Optionally, the weight for the second view sequence predicted with the increase of prediction time, the viewpoint trace model w₂It is gradually reduced.

Compared with prior art, the present invention have it is following the utility model has the advantages that

The user of 360 degree of transmission of video provided by the invention watches view sequence prediction technique, combines circulation nerve net Network learns the long-time dependence between the viewing viewpoint of user's different moments, and user's viewpoint position based on last time is pre- Survey the viewpoint position at following multiple moment；Influence of the video content to viewing viewpoint is considered simultaneously, is predicted based on video content Following view sequence；The influence of Recognition with Recurrent Neural Network and video content to viewing viewpoint is finally integrated, user's future is obtained View sequence is watched, the length of prediction view sequence can be changed according to user's head movement velocity, there is good practicability And scalability.

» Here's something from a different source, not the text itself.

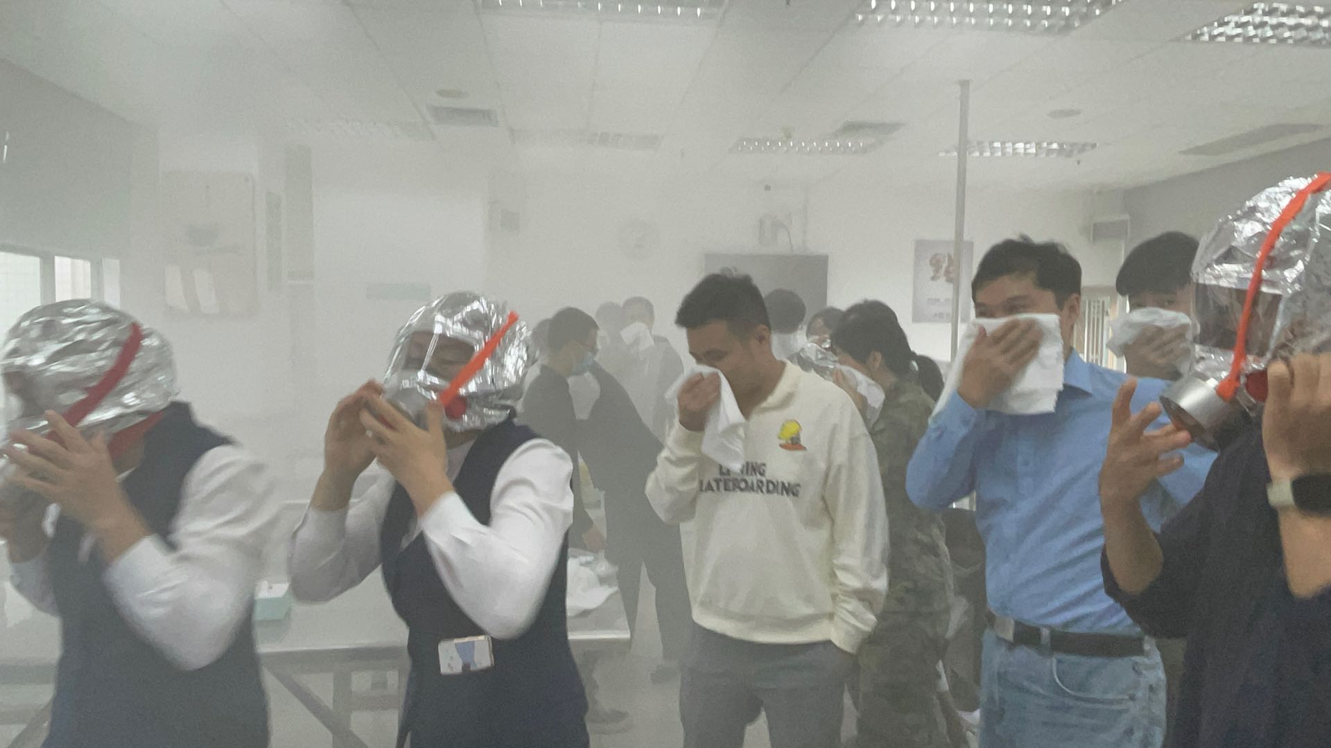 在现场消防演练环节,针对厨房失火可能导致发生的各种应急处置情景,分别设置了厨房应急小组、食堂疏散小组、物业救援小组,通过初期灭火处置、受伤人员救治、快速佩戴防毒面具、根据火情扩大及时调整疏散线路以及拨打119、120电话等措施同步开展应急处置行动,切实提高国防大厦管理办后勤工作人员面对厨房火情的应急处置水平,增强干部职工的逃生疏散意识和能力。

Detailed description of the invention

Upon reading the detailed description of non-limiting embodiments with reference to the following drawings, other feature of the invention, Objects and advantages will become more apparent upon:

Fig. 1 is that the user of 360 degree of transmission of video of application that one embodiment of the invention provides watches view sequence prediction technique System block diagram；

Fig. 2 is the schematic illustration for the view region that one embodiment of the invention provides.

Specific embodiment

The present invention is described in detail combined with specific embodiments below.Following embodiment will be helpful to the technology of this field Personnel further understand the present invention, but the invention is not limited in any way.It should be pointed out that the ordinary skill of this field For personnel, without departing from the inventive concept of the premise, various modifications and improvements can be made.These belong to the present invention Protection scope.

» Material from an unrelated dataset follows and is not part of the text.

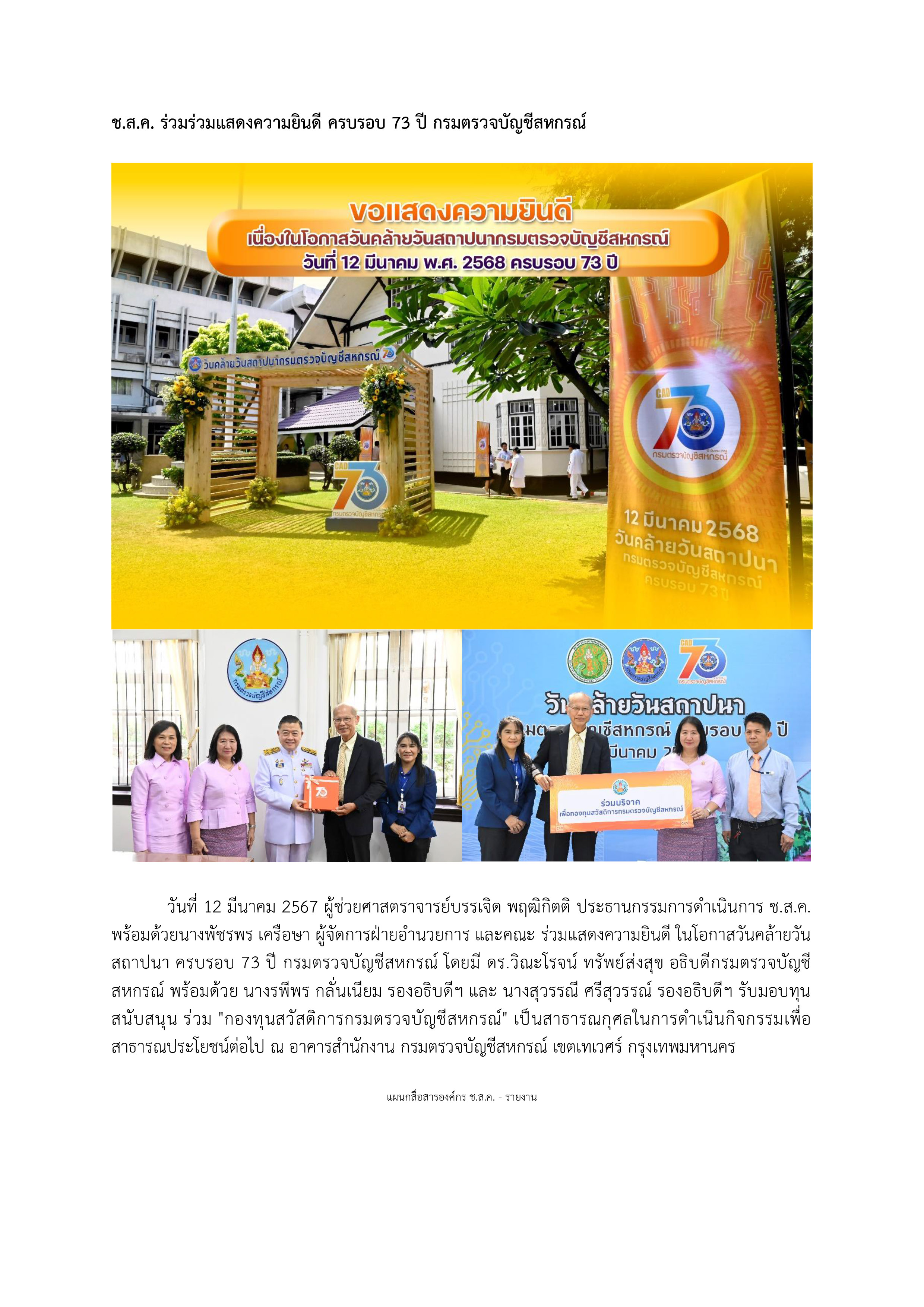 ช.ส.ค. ร่วมร่วมแสดงความยินดี ครบรอบ 73 ปี กรมตรวจบัญชีสหกรณ์

Fig. 1 is that the user of 360 degree of transmission of video of application that one embodiment of the invention provides watches view sequence prediction technique System block diagram, as shown in Figure 1, comprising: the view prediction module based on Recognition with Recurrent Neural Network, the viewpoint based on correlation filter Tracking module, Fusion Module, in which: Recognition with Recurrent Neural Network view prediction module, in conjunction with Recognition with Recurrent Neural Network, study user is different Long-time dependence between the viewing viewpoint at moment, user's viewpoint position prediction following multiple moment based on last time Viewpoint position；Correlation filter viewpoint tracking module, it is contemplated that influence of the video content to viewing viewpoint is proposed based on correlation The viewpoint tracking module of filter explores the relationship between video content and view sequence, following based on video content prediction View sequence；Fusion Module combines the pre- of Recognition with Recurrent Neural Network view prediction module and correlation filter viewpoint tracking module It surveys as a result, two modules mutual supplement with each other's advantages, improve the prediction accuracy of model.

In the present embodiment, the long-time learnt between the viewing viewpoint of user's different moments in conjunction with Recognition with Recurrent Neural Network is relied on Relationship, the viewpoint position at user's viewpoint position prediction following multiple moment based on last time；Video content is considered simultaneously Influence to viewing viewpoint proposes the viewpoint tracking module based on correlation filter, explores between video content and view sequence Relationship, based on following view sequence of video content prediction；Recognition with Recurrent Neural Network viewpoint is combined finally by Fusion Module The prediction result of prediction module and correlation filter viewpoint tracking module, two modules have complementary advantages, and improve the prediction of model Accuracy.The pre- geodesic structure of view sequence proposed by the present invention can change the sequence of prediction viewpoint according to user's head movement velocity Column length has good practicability and scalability, has laid solid foundation for the high efficiency of transmission of 360 degree of videos.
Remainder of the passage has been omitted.